It’s a cold January morning, the temperature a single digit when I board the metro train for Connaught place in central Delhi. A literary magazine has just rejected one of my stories and to gather my thoughts and reflect on the arguments I’d made about life in the story, I am on one of my freefalling trips in which I will do nothing but observe people. A woman is seated close to where I stand in the train. She must be about forty and her saree is torn in places. For the ten minutes I stand next to her, she keeps staring at an imaginary point on my shirt. Her eyes are distant; as if a dream has died in them not too long ago. She is frail and the old sweater that she wears over her saree surely belongs to a man. On both her sides are young executives who appear to be going to their offices, gel in their hair, scratching their goatees as they scan their smart phones.

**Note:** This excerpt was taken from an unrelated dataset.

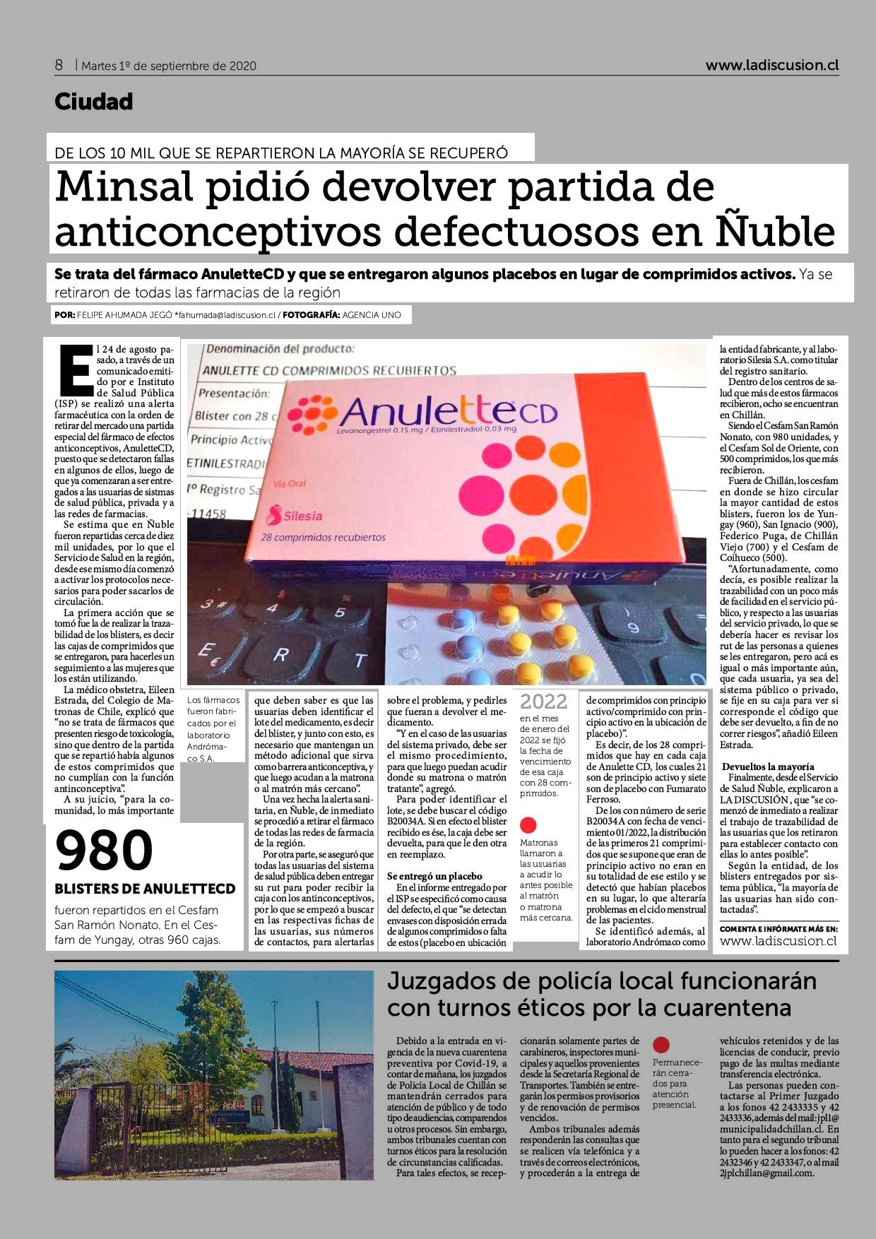 Título: Minsal pidió devolver partida de anticonceptivos defectuosos en Ñuble

An old man boards the coach at a stop. He is upper middle class without a doubt: a three piece suit, gold rimmed spectacles and designer watch. As the train starts to move again, the woman gets up and offers her seat to the old man. He slides into it, without thanking, and takes out his phone, all in one fluid action, and begins to speak. He is old all right, but he is fitter and happier than this woman. I look at her, but she is looking elsewhere.
At Connaught place when I get down I find myself a bar, drink a beer and take the metro back home.
Everything—and everyone—that’s good can’t be appreciated, and it’s all right to live with rejections. That poor, unknown woman, with a large heart, she taught me this simple lesson. The day has been more than fulfilling.
In Delhi—as also in Mumbai, Goa, Chennai, cities where I have lived at different times—if I have to gift something to someone I adore, I will gift the person an ordinary life. Ordinariness is completeness. Ordinariness doesn’t propel you towards success in a hurry, it helps you to calibrate your thoughts, accept rejections, urging you to try harder, to invent more.